Other factors, such as low Secchi disc transparency (high turbidity) and low shoreline development (a relatively regular shoreline with few inlets) could mitigate against the productivity of Bakolori Reservoir. The relationship of Secchi disc transparency to depth of euphotic zone (light penetration) (Table 22) shows that turbidity affects light penetration, and therefore the rate of photosynthesis, resulting in decreased primary productivity. With an observed maximum transparency of 0.5 metres in May, light penetration was at its lowest in Bakolori reservoir and hence primary productivity would be expected to be relatively low. The observed pelagic primary production (Adeniji, 1980) was 0.125 mg C/1/day at 0.1 m and also at 0.3 m depth. No production was observed beyond a depth of 0.3 metres. Karlman (1973) compares the range of primary production in Kainji Lake with those of other tropical lakes. The data show that Kainji, with a range of 0.0–1.8 g C/m2/day is about the lowest, compared with Lake Volta with a range of 0.8–5.3 g C/m2/day, and Lake Nasser with a range of 3.0–7.2 g C/m2/day.
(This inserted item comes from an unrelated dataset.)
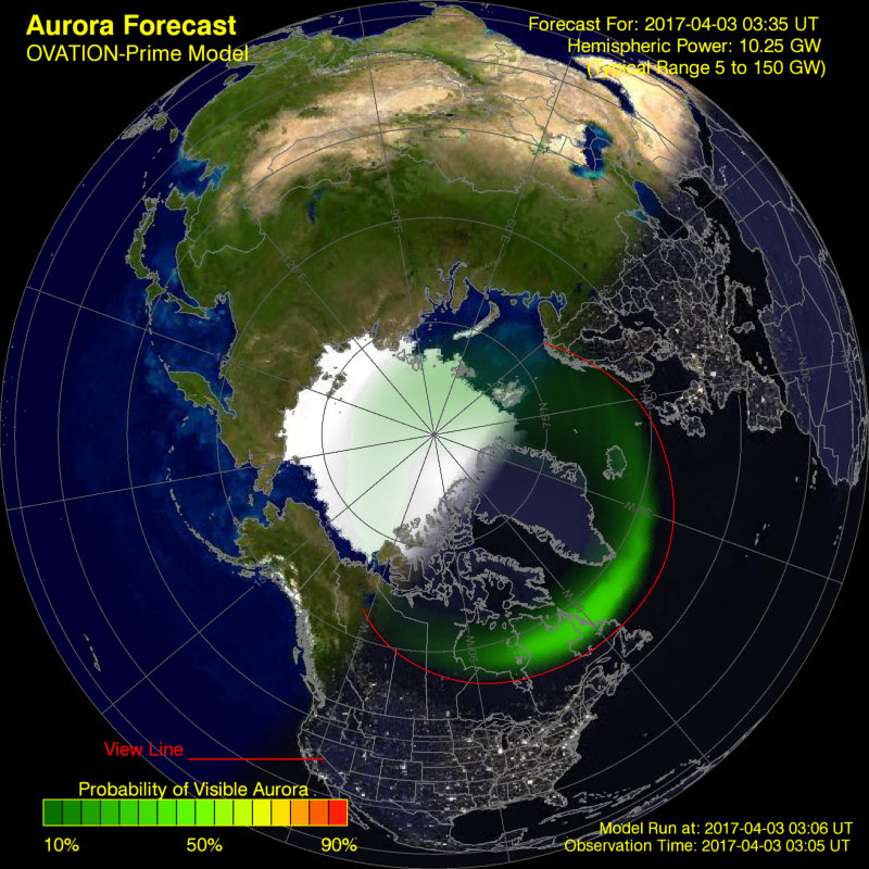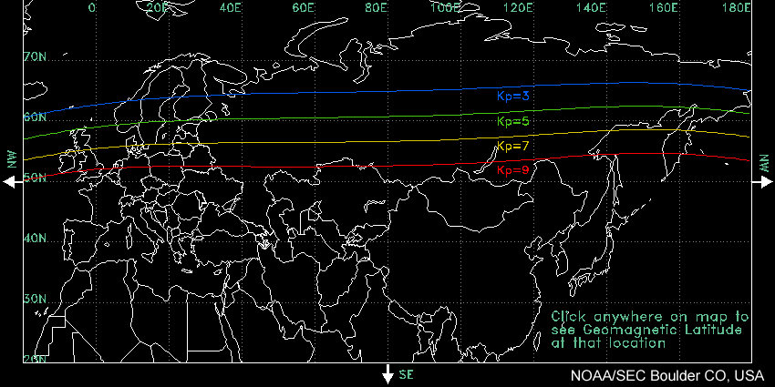 ![]() Granica owalu zorzowego w zależności od wartości Kp. Źródło: NOAA |

The turbidity in Bakolori was similar to that observed in Kainji Lake during the “White Flood” around September. The colloidal turbidity in Lake Kainji is attributed to the kaoline clay particles in the local soils which form the major component of the colloidal particles (Henderson, 1973). The settling time of the particles in Kainji Lake was observed to be very low (less than 50% per month) and it is believed that under the turbulent conditions of the lake it must be negligible. Whereas Kainji Lake is blessed with the arrival of the “Black Flood” from the upper Niger which flushes away the white flood and restores its blue colour and higher transparency, the turbidity in Bakolori was relatively permanent because of the turbulence of the water. In Kainji Lake, the colloidal particles in the water are observed to hinder the transmission of blue and green light and rather favour the transmission of red light. The persistence of such turbidity is bound to have a negative effect on the productivity of Bakolori Reservoir.
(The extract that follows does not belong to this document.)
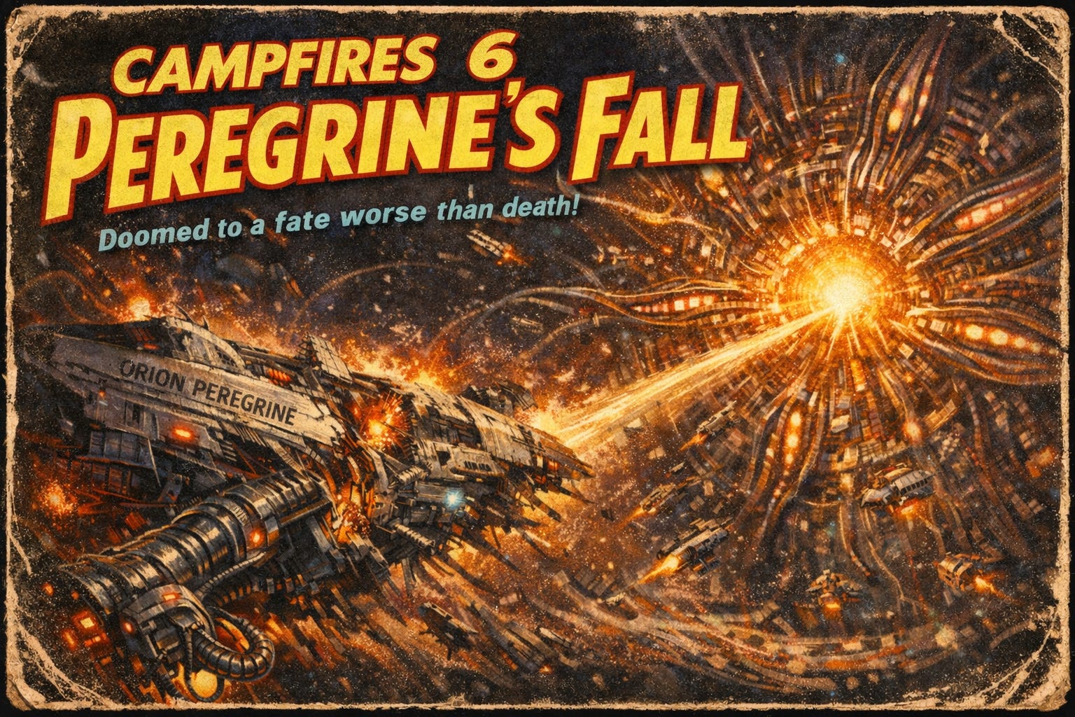 As Orion Peregrine breached the event horizon’s outer skin, the hull didn’t buckle. It became somewhat feeble and pliable. Phased by the sheer intensity of gravitational tides. Saelis looked out the room’s viewport she’d made her way to, and the ‘dark’ she expected to see was gone. Instead, she saw the great lurer, but it wasn’t a celestial phenomenon. It was a structure. A gargantuan, pulsating hub that wasn’t just a graveyard, it seemed to be something of a grand sphere.

The poor shoreline development, with a relatively small littoral area, is bound to limit spawning and nursery areas of most of the species. The shore development factor is defined as the ratio of the actual shoreline to the shoreline of a perfectly circular lake of the same area, and is thus a measure of the shoreline extension produced by bays and other indentations of the lake. Kainji Lake with a perimeter of 720 km and surface area of 1,280 km2 has a shore development factor at high water of 5.65. Natural lakes with idealized circular form have values around 2. With a surface area of 80 km2 and a shoreline (perimeter) length of 107 km the shore development factor for Bakolori Reservoir is 3.4. This is much lower than that of Kainji, as can be observed from the regular shape of the shoreline on the map. Whereas Tiga and Kainji reservoirs are blessed with abundant shore vegetation during most periods of the year, on the evidence of the sparsely distributed vegetation cover along the drawdown area observed during the survey in May 1982, Bakolori reservooir was unlikely to develop a stable shoreline vegetation.

Table 22. The ratio of maximum depth of Secchi disc transparency (metres) to
maximum depth of euphotic zone (metres) in some African reservoirs.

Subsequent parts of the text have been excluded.